NIH GUIDE, Volume 23, Number 7, February 18, 1994

RFA:  OH-94-001

P.T. 34

  Health, Radiation Effects 

National Institute for Occupational Safety and Health

Letter of Intent Receipt Date:  April 1, 1994
Application Receipt Date:  May 18, 1994


The Centers for Disease Control and Prevention (CDC), National
Institute for Occupational Safety and Health (NIOSH) is soliciting
grant applications for research projects relating to occupational
safety and health concerns associated with occupational exposures to
radiation and other hazardous agents at Department of Energy (DOE)
facilities and in other energy-related industries.  Studies in the
nuclear power industry and deliberate exposure of human subjects in
radiation experiments are outside the scope of this Request for
Applications (RFA).

The purpose of the grant program is to develop knowledge that can be
used in preventing occupational diseases and injuries.  NIOSH will
support the following types of applied research projects:  causal
research to identify and investigate the relationships between health
outcomes and occupational exposure to radiation and other hazardous
agents; methods research to identify early markers of adverse health
effects that are associated with such occupational exposures; and
research related to assessing past occupational exposures.  When this
research is to be conducted at a DOE facility, any DOE data required
will be supplied to the applicant by NIOSH.


The Public Health Service (PHS) is committed to achieving the health
promotion and disease prevention objectives of "Healthy People 2000,"
a PHS-led national activity to reduce morbidity and mortality and
improve the quality of life.  This RFA, Occupational Radiation and
Energy-Related Health Research, is related to the priority area of
occupational safety and health.  A copy of "Healthy People 2000"
(Full Report:  Stock No 017-001-00474-0) or "Healthy People 2000"
(Summary Report:  Stock No. 017-001-00473-1) may be obtained through
the Superintendent of Documents, Government Printing Office,
Washington, DC 20402-9325 (telephone (202) 783-3238).

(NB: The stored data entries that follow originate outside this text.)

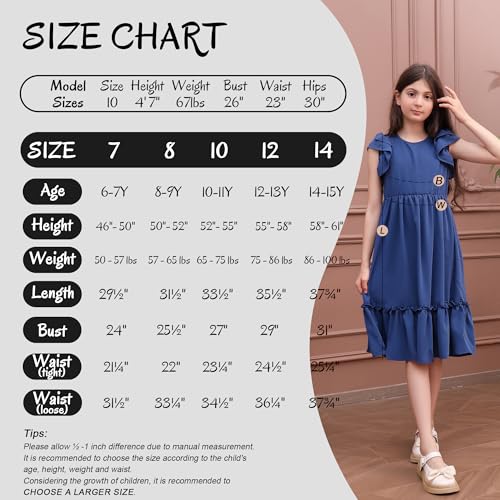More information about Teen Girls Dresses - Kids Double Layer Ruffle Sleeve Dress & Girls Boho Sleeveless Summer Midi Dress for 6-14 Years
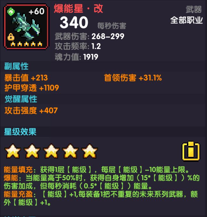 爆能星,在牧法高额的技伤加成下,全伤的收益是非常不错的。
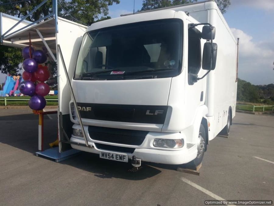 This stall is mounted on a 7.5 tonne Leyland Daf lorry so access is crucial and this vehicle can drive on grass providing the ground is hard.
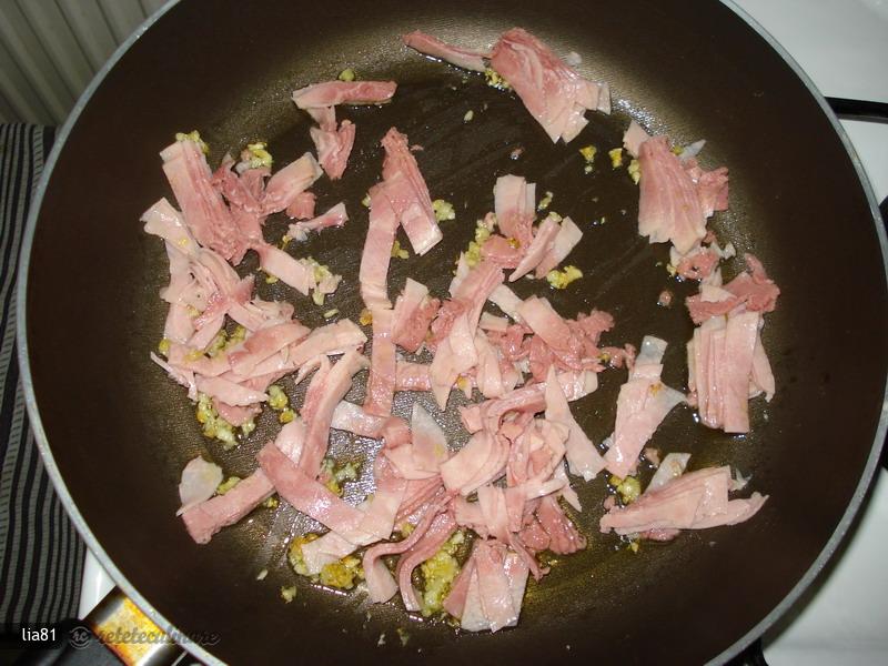 Na pánev dejte trochu oleje a lehce restujte česnek a šunku.
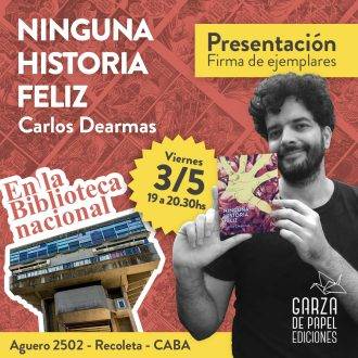 Este viernes 3 de mayo de 19 a 20.30 hs se va a presentando «Ninguna historia feliz», el flamante libro de Carlos Dearmas, publicado por Garza de Papel.
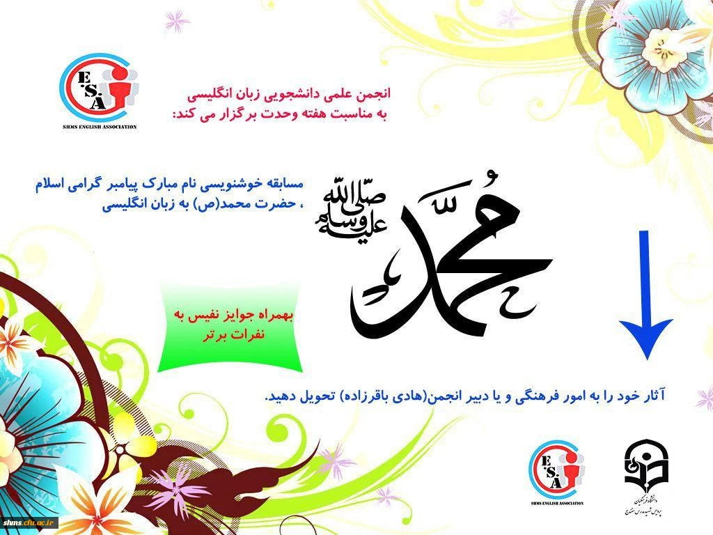 مسابقه خوشنویسی "اسم مبارک پیامبر اعظم به زبان انگلیسی"بمناسبت هفته وحدت

Eligible applicants include domestic and foreign non-profit and
for-profit organizations, universities, colleges, research
institutions, and other public and private organizations, including
State and local governments and small, minority and/or woman-owned


Research support may be obtained through applications for a regular
research grant (R01).  Applicants for R01s may request support for up
to three years.  Because the nature and scope of the research
proposed in response to this RFA may vary, it is anticipated that the
size of an award will vary also.


For fiscal year (FY) 1994, approximately $500,000 is available to
fund projects ranging in amount from $25,000 to $200,000 in total



The Secretary, Department of Health and Human Services (HHS) and the
Secretary, Department of Energy (DOE) signed a memorandum of
understanding (MOU) transferring the authority and resources to
manage and conduct energy-related analytic epidemiologic research
from DOE to HHS.  This includes the authority, resources, and
responsibility for the design, implementation, analysis, and
scientific interpretation of analytic epidemiologic studies of the
following populations:  workers at DOE facilities; other workers
potentially exposed to radiation; and workers exposed to potential
hazards resulting from non-nuclear energy production and use.

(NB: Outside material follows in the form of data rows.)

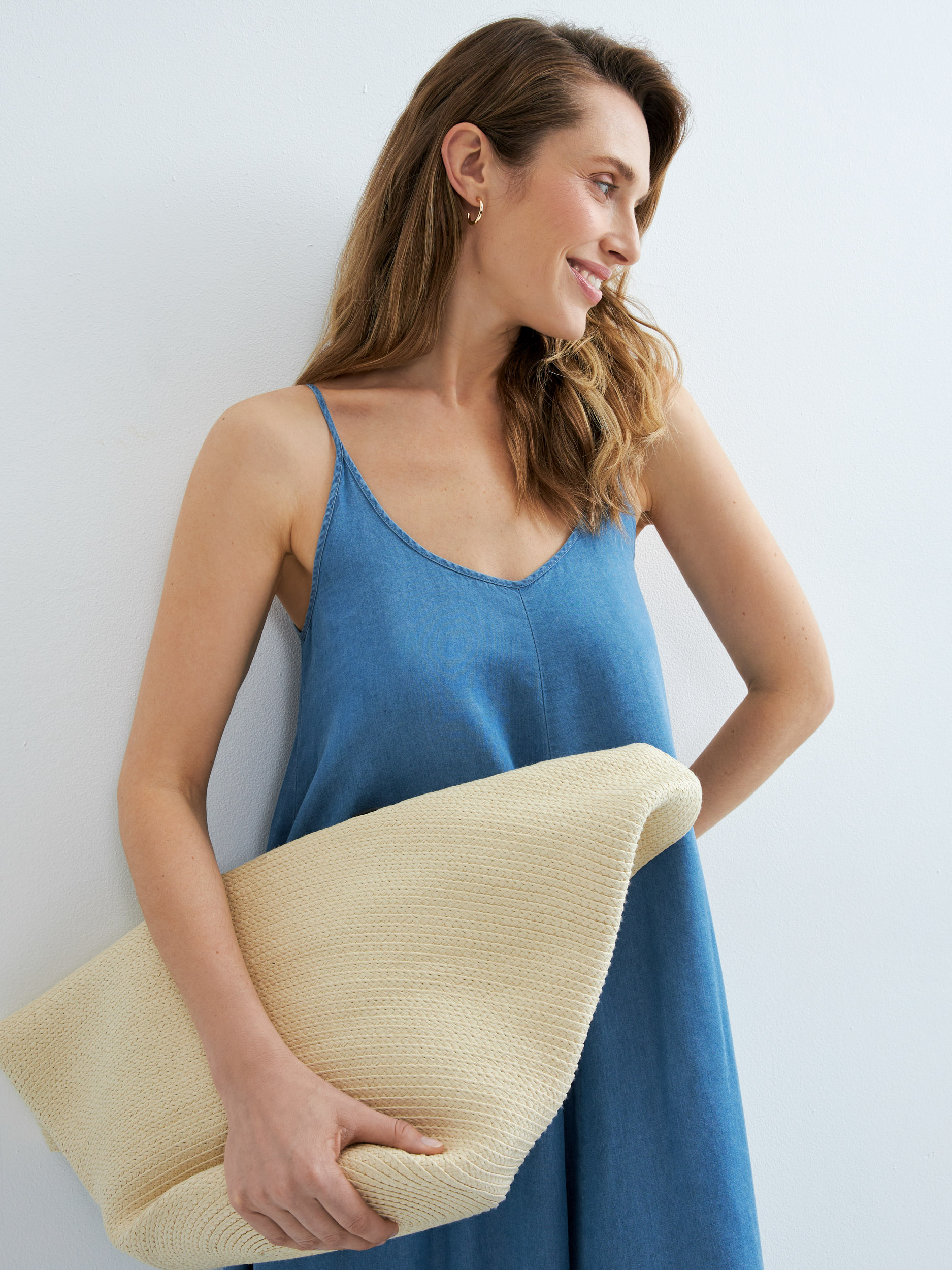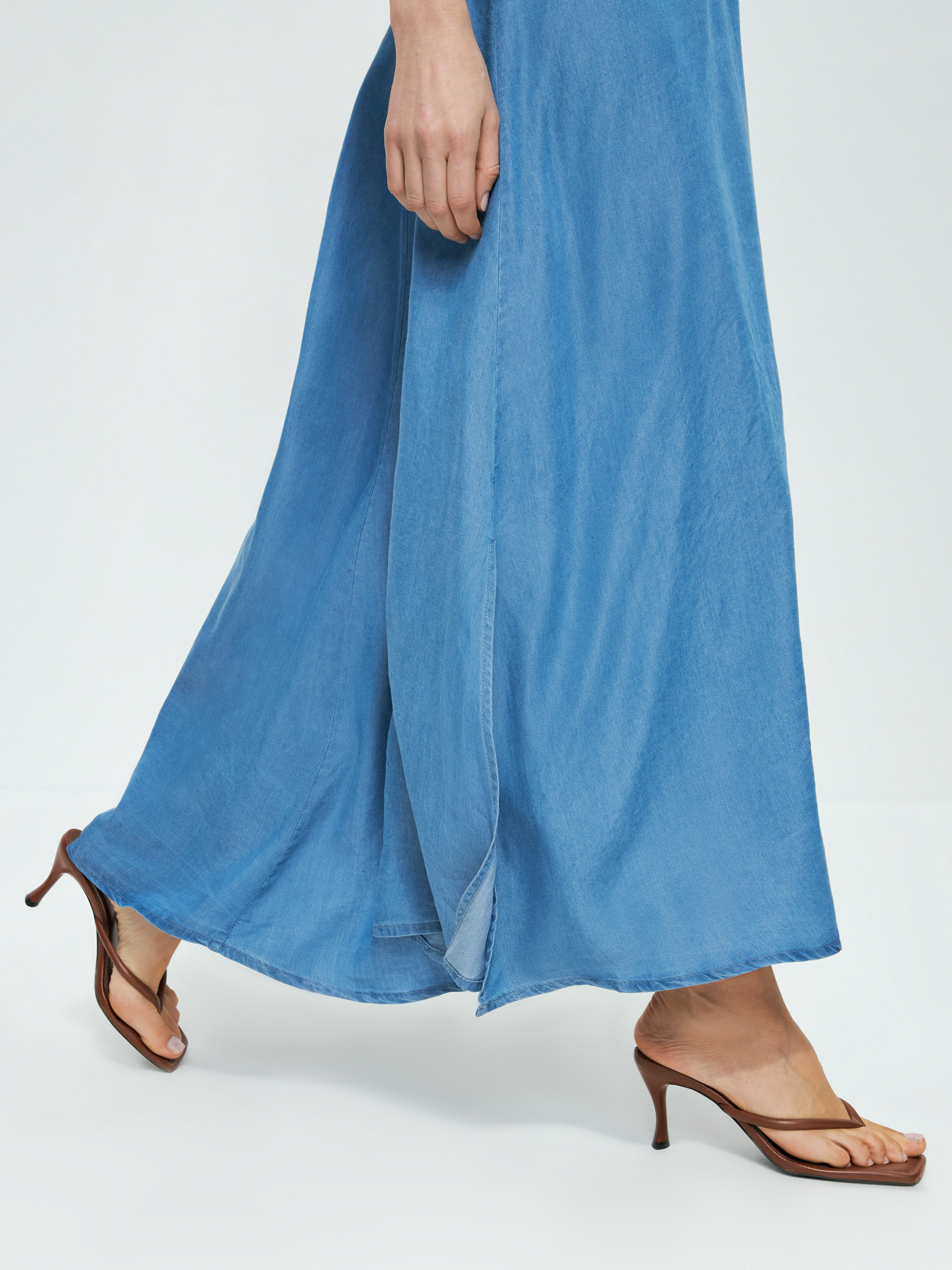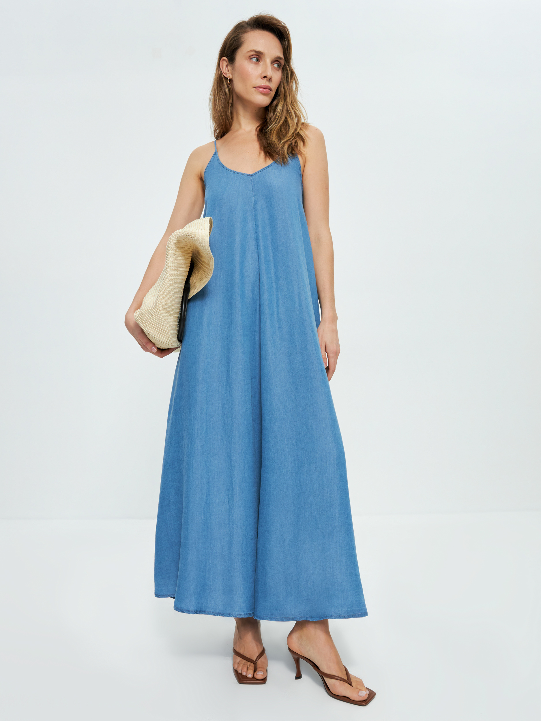 Параметры: Вырез горловины: округлый; открытая спина; Декор: завязки; Застежка: завязки; Силуэт: свободный; Тип рукава: на бретелях; Длина платья/юбки: миди
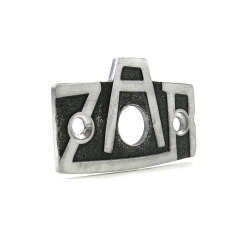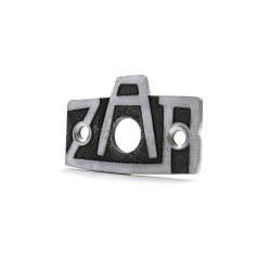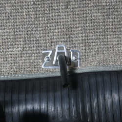 Check out this rare ZAR fuel badge plate. These were the first style created for the earliest VWs. The ZAR badge was intended for the split window era beetle. It looks great and is helpful for all bugs that have a fuel reserve lever. The fuel reserve lever goes through the large hole and the badge is screwed to the floor wall. The ZAR badge is to indicate what position the fuel reserve lever is on.
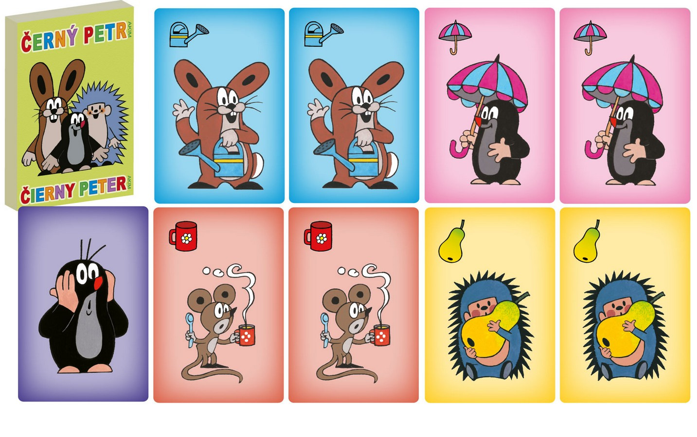 Karty dla dzieci do gry Czarny Piotruś z obrazkami Krecika autorstwa ilustratora Zdeněka Milera. Pudełko zawiera szczegółowe instrukcje, a karty mają lekko chropowatą powierzchnię na odwrocie dla lepszej obsługi.
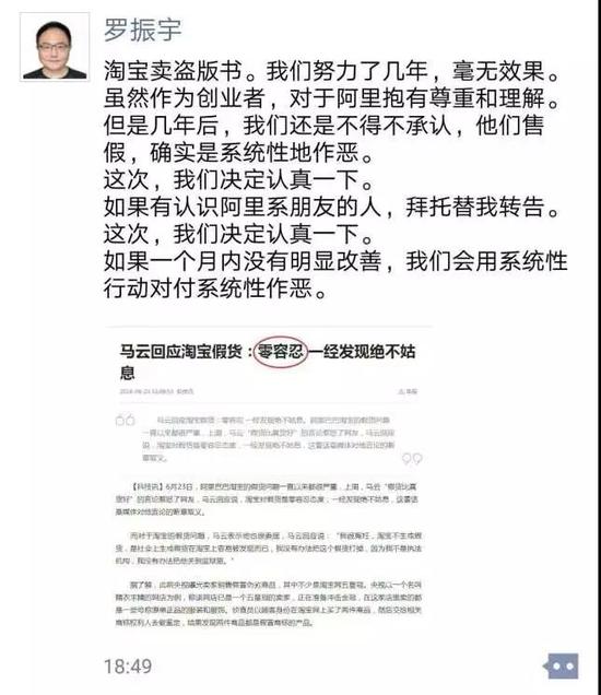 罗振宇强调,如果淘宝一个月内没有明显改善,我们会用系统性行动对付系统性作恶。

The Secretary, HHS, delegated responsibility for implementation of
the MOU to the Centers for Disease Control and Prevention (CDC).  The
National Institute for Occupational Safety and Health has
responsibility for the conduct of occupational studies.

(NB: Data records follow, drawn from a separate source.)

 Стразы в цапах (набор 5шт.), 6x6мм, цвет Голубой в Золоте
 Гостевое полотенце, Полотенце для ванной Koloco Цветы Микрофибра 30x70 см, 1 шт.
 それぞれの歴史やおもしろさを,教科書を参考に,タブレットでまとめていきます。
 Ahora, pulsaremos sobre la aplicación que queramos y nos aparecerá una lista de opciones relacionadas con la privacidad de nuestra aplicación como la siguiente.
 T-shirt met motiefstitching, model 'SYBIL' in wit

The focus of grants should reflect:  (1) retrospective occupational
exposure assessment, (2) radiation measurement issues, (3) non-cancer
morbidity and mortality outcomes, (4) meta-analysis and combined
analysis methodologies, (5) uncertainty analysis, and (6) effects of
measurement error on risk estimates.

o  Retrospective Exposure Assessment

Epidemiologic studies of occupational cohorts frequently involve, and
can generally benefit from, retrospective exposure assessment to
provide estimates of exposure or categorize groups of workers by
common exposure.  Exposure assessment in energy-related occupational
epidemiology requires evaluating exposures to various hazards
including ionizing and non-ionizing radiation, metals, acids, and
solvents.  Grant opportunities encompass the fields of industrial
hygiene and retrospective exposure assessment of health physics
dosimetry.  Research areas of general interest include:   methods to
use limited data to best advantage;  how to treat censored data in
retrospective exposure assessment; uncertainty analysis techniques
for industrial hygiene exposure data and health physics dosimetry;
insight to sampling strategy design yielding a representative
understanding of exposed groups;  decision logic to select/use the
most appropriate exposure metric for epidemiologic and risk
assessment use;  and, development approaches of "Homogeneous Exposed
Groupings" and the advantages/limitations for epidemiologic use.
Research opportunities of specific interest include:  reconstruction
and dose adjustment of historic film badges; exposure assessment for
acid mists, carcinogenic solvents, exotic metals, and leukemogens;
and evaluation of biomarkers of exposure.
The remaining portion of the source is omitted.